■ Task to carry out
Return, word for word, only the lines of the data below that lie between the line with "특사경이 본격적으로 도입된" and the line with "Veiledning om rulling: Kystfartveiledningen", those two lines included.

■ Supplied records
- Opening Delimiter -
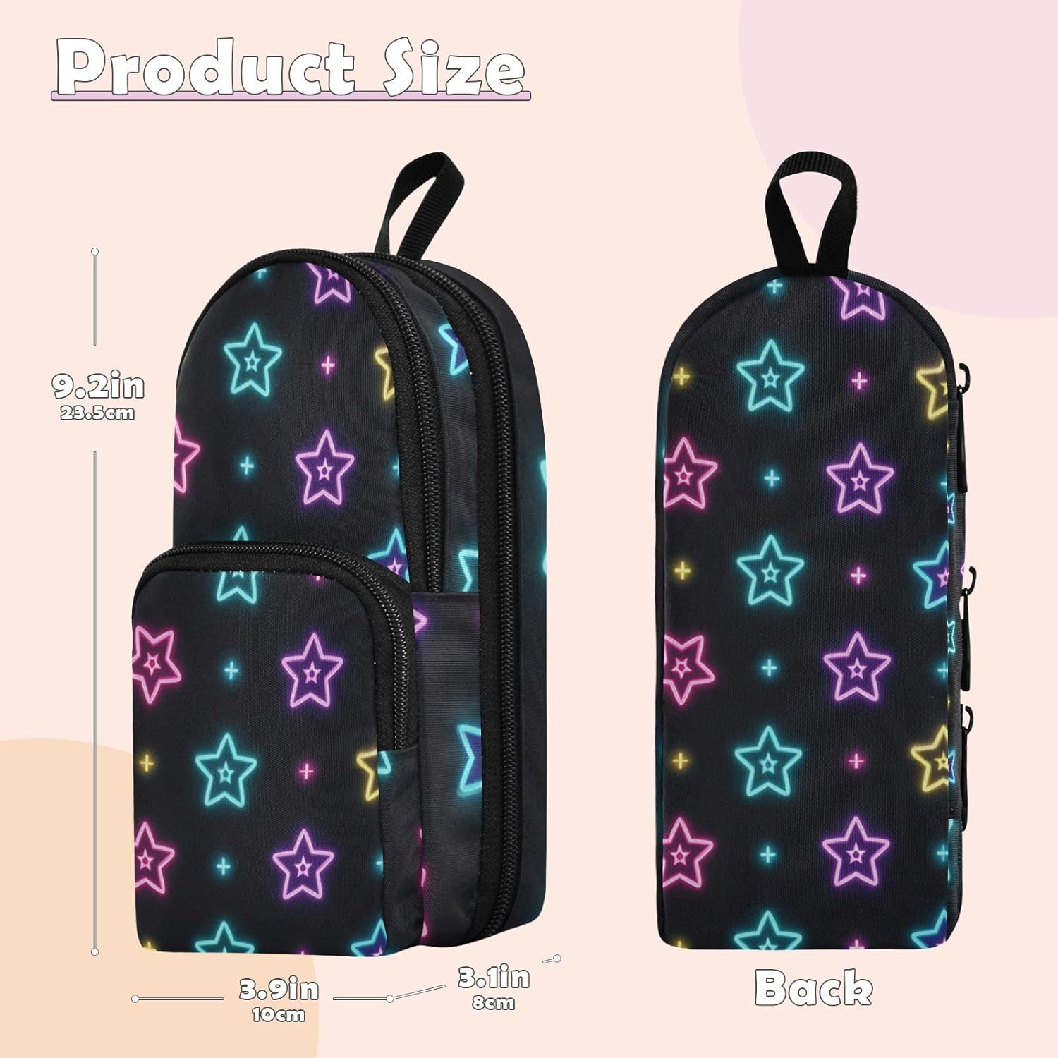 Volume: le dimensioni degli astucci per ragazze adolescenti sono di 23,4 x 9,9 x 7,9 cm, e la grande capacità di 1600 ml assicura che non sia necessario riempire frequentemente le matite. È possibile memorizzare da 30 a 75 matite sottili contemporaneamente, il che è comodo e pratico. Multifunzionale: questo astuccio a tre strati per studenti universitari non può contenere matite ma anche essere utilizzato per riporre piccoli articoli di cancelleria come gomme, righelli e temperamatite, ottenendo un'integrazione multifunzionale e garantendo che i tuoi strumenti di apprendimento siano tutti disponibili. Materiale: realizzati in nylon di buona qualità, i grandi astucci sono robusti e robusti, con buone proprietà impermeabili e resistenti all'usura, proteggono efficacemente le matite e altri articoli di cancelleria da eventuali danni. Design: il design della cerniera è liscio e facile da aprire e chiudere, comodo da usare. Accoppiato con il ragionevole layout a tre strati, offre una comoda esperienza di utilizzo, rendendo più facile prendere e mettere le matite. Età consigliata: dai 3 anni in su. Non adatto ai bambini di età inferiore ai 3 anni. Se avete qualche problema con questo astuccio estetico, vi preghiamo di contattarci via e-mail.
- Closing Delimiter -
- Opening Delimiter -
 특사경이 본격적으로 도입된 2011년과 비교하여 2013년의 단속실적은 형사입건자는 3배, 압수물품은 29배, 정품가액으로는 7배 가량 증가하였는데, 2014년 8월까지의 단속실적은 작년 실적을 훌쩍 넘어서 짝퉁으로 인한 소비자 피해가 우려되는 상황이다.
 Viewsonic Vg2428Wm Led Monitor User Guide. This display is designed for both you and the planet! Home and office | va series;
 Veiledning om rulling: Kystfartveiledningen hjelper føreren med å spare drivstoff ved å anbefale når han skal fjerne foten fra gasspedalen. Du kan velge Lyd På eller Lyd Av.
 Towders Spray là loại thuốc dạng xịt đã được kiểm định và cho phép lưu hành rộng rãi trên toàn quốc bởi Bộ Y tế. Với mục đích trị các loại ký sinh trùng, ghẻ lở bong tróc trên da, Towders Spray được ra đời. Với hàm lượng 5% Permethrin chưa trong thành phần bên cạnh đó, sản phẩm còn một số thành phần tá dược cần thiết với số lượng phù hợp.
- Closing Delimiter -
- Opening Delimiter -
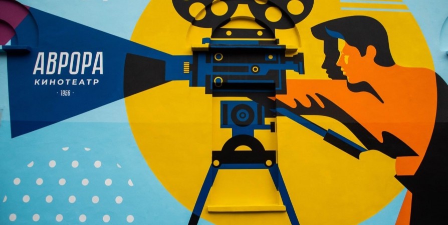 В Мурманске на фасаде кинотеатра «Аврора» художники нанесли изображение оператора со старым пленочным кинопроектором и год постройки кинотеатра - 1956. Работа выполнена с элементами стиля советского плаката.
- Closing Delimiter -
■ Solution for this exercise
 특사경이 본격적으로 도입된 2011년과 비교하여 2013년의 단속실적은 형사입건자는 3배, 압수물품은 29배, 정품가액으로는 7배 가량 증가하였는데, 2014년 8월까지의 단속실적은 작년 실적을 훌쩍 넘어서 짝퉁으로 인한 소비자 피해가 우려되는 상황이다.
 Viewsonic Vg2428Wm Led Monitor User Guide. This display is designed for both you and the planet! Home and office | va series;
 Veiledning om rulling: Kystfartveiledningen hjelper føreren med å spare drivstoff ved å anbefale når han skal fjerne foten fra gasspedalen. Du kan velge Lyd På eller Lyd Av.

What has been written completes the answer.